What to make of this? Turkey’s prowess in the competition for foreign direct investment is the result of two factors: its friendliness as a foreign capital destination, and its fiscal discipline.

The innovative medicines sector in Turkey captures Turkish fiscal problems in a nutshell. In recent years, Turkey opened its borders to Phase I, II, III and IV medical trials, making itself an attractive destination due to lower costs and a population mostly unexposed to innovative medicines. Yet late last year, Turkey’s National Health Service reduced manufacturer reimbursements for drug costs by 30%, a move that is scaring off investors. It’s this tendency to govern in lurches, rather than by policy, that scares off new investment. Investors want predictability. During a global economic downturn, when Turkey must compete for every investment dollar, corporations need government strategy, not tactics. Government officials must be able to hold out for the long-term, even against determined political pressure.

The WSJ/Heritage Index defines “economic freedom” as “the fundamental right of every human to control his or her own labor and property.” In an economically free society, individuals are free to work, produce, consume, and invest in any way they please, with that freedom both protected by the state and unconstrained by the state. In economically free societies, governments allow labor, capital and goods to move freely, and refrain from coercion or constraint of liberty beyond the extent necessary to protect and maintain liberty itself.”

We know that using this definition, “economic freedom” is an imperfect measure of a nation’s well-being. Freedom of capital never guaranteed anyone a job. The “lottery of birth” does not guarantee equal access to capital, it guarantees the opposite. But viewed strictly in economic terms, the WSJ/Heritage Index is a solid barometer of national attractiveness to FDI.

According to this year’s Index, “[Turkey’s] score is 2.2 points higher than last year, reflecting improved scores especially in investment freedom, freedom from corruption, and fiscal freedom.”

This is good news. Turkey has become more welcoming to foreign investment in terms of investor protections.

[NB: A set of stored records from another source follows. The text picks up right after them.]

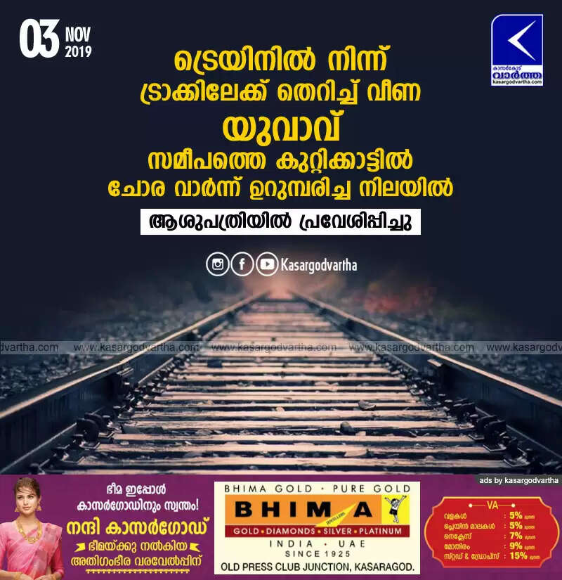 ട്രെയിനില് നിന്ന് ട്രാക്കിലേക്ക് തെറിച്ച് വീണ യുവാവ് സമീപത്തെ കുറ്റിക്കാട്ടില് ചോര വാര്ന്ന് ഉറുമ്പരിച്ച നിലയില്; ആശുപത്രിയില് പ്രവേശിപ്പിച്ചു
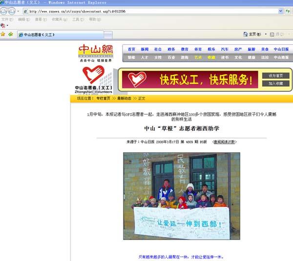 '3h"Ol{b <d&9`e1Hc 标 题:中山“草根”志愿者湘西助学
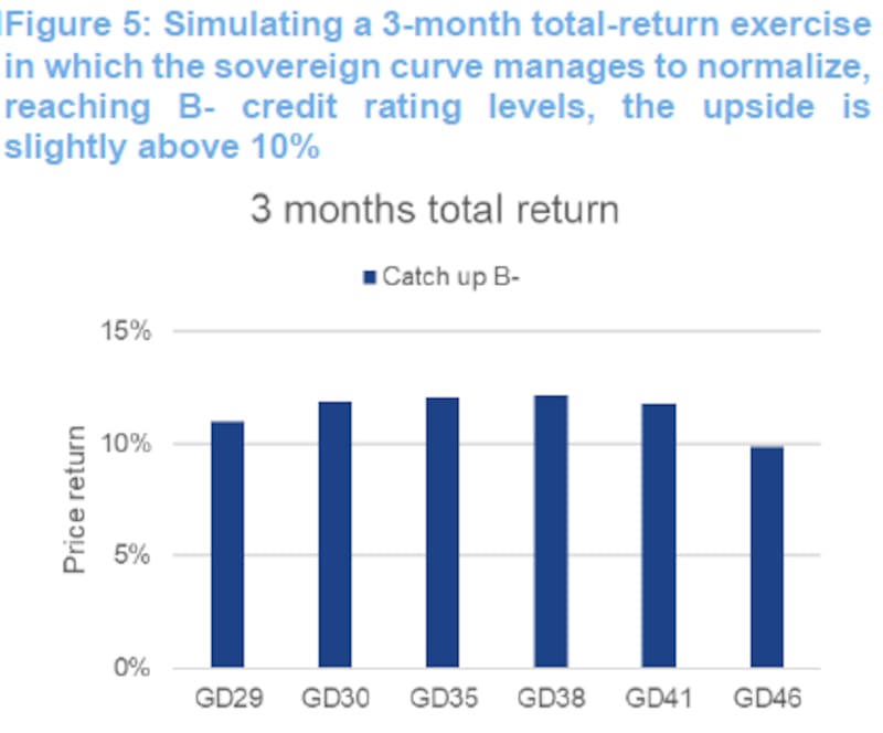 Si se simula un ejercicio de retorno total de tres meses en el que la curva soberana logra normalizarse y alcanza niveles de calificación crediticia B-, el alza es levemente superior al 10%, mientras que en el mismo ejercicio para los Bopreal manteniendo el spread (GD30-BPOC7) el alza es del 9%.

Some key problems remain, including inflexible labor regulations and corruption.

The Standard & Poor’s rating system makes no claims to philosophical underpinnings. It limits itself to a nation’s projected reliability as a debtor. We can thus discern the key findings this year: (a) Turkey is viewed, unfortunately, at the bottom in terms of credit worthiness and (b) Turkey has made no progress since 2008. Turkey is viewed as a credit risk. The lack of fiscal discipline is relevant: Turkey’s 2009 budget deficit is 52.2 billion Turkish Liras, a threefold increase over 2008.

In this, Turkey mirrors the United States, and its current policy of deficit spending to spur the economy. But deficit spending, aside from encouraging inflation, discourages lenders, because it tends to weaken the lira: even when debtors are fully repaid, they lose money anyway.

The U.S., far ahead of Turkey on the Economic Freedom scale, has seen no change to its triple-A S&P rating. But the dollar remains the world’s reserve currency, making the U.S. unique. Still the solution for Turkey parallels what U.S. policy should be.

We at the chamber believe international comparisons are useful, if not always gospel. In 2010, we can only encourage policymakers to try to adhere to fiscal discipline, and to resume the enthusiasm for reform that drove economic activity for most of the past decade. A lower budget deficit makes for a stronger currency and reassures investors. Economic reform gives them confidence. It is never more difficult, but never more important, to hew to the long term in policy during uncertain times. As famous American President Ronald Reagan once said, “Stay the course.”

* Rahşan Cebe is chairwoman of the American Business Forum in Turkey, an affiliate of the U.S. Chamber of Commerce.